An investor makes the decision to purchase 10,000 shares of BHP based on a price of $11 per share. Accordingly, the investor's broker makes the following trades over one trading day:

Time Buy/Sell Price Volume
10:01:00 Buy $12.17 1,000
12:01:00 Buy $12.60 1,000
12:02:00 Buy $16.36 6,000
13:07:00 Buy $12.39 1,000
14:54:00 Buy $12.99 1,000

The stock closed at a price of $13.30. The broker charges a commission of $0.01 per share, including all explicit fees.

Calculate the broker's hypothetical portfolio cost, hypothetical profits, actual portfolio cost, actual profits and implementation shortfall. Show all working.

1: Apply the implementation shortfall method to categorise the trader's costs into the commission, delay, price impact and opportunity cost components. Show all working.

2: Provide a qualitative justification for you categorisation in the previous question.

3: Now, assume that the market VWAP on this trading day was $12.80. Calculate the broker's total execution cost and execution cost per share. Show all working.
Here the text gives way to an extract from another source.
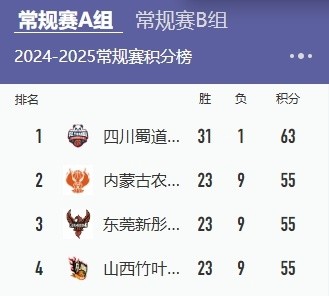 常规赛积分表部分截图。来自WCBA官网

4: Did the broker over or under perform relative to the VWAP benchmark?

5: Explain how ex-ante risk measures differ from ex-post risk measures. Provide an example of both. Use your own words.

6. Describe how to implement a pairs trading strategy by providing an example. What are the risks associated with implementing a pairs trading strategy? Use your own words.